— Problem description —
Among the entries below, find the line with "Equipped with an", then quote it and each following line up to and including the line with "Klassiska vita Converse", and nothing else.

— Records supplied —
[Start of Attachment]

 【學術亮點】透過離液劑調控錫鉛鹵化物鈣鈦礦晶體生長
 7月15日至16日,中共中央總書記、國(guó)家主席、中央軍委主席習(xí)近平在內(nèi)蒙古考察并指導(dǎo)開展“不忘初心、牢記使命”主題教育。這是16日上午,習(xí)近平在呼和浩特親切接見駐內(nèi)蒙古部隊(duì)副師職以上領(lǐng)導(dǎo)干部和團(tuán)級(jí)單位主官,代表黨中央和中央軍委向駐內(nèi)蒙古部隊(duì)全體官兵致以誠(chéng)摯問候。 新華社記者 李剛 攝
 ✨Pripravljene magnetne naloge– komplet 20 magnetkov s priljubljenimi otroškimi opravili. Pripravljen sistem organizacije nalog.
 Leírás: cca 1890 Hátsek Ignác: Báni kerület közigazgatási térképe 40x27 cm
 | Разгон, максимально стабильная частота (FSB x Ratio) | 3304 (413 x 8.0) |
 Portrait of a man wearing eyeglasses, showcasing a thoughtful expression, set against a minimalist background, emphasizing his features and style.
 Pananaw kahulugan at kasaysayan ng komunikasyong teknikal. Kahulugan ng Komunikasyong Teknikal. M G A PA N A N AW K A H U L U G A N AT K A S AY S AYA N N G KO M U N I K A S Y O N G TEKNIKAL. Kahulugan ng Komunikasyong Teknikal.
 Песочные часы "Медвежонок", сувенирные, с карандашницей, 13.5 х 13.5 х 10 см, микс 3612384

[End of Attachment]
[Start of Attachment]

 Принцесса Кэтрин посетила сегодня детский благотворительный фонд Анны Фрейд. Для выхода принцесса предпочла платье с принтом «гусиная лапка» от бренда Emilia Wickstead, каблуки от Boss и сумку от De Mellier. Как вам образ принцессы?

[End of Attachment]
[Start of Attachment]

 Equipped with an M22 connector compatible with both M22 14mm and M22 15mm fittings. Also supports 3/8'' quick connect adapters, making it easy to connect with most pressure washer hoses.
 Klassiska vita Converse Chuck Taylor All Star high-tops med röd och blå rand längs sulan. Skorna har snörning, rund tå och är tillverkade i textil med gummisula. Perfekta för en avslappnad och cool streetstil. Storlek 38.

[End of Attachment]

— Your response —
 Equipped with an M22 connector compatible with both M22 14mm and M22 15mm fittings. Also supports 3/8'' quick connect adapters, making it easy to connect with most pressure washer hoses.
 Klassiska vita Converse Chuck Taylor All Star high-tops med röd och blå rand längs sulan. Skorna har snörning, rund tå och är tillverkade i textil med gummisula. Perfekta för en avslappnad och cool streetstil. Storlek 38.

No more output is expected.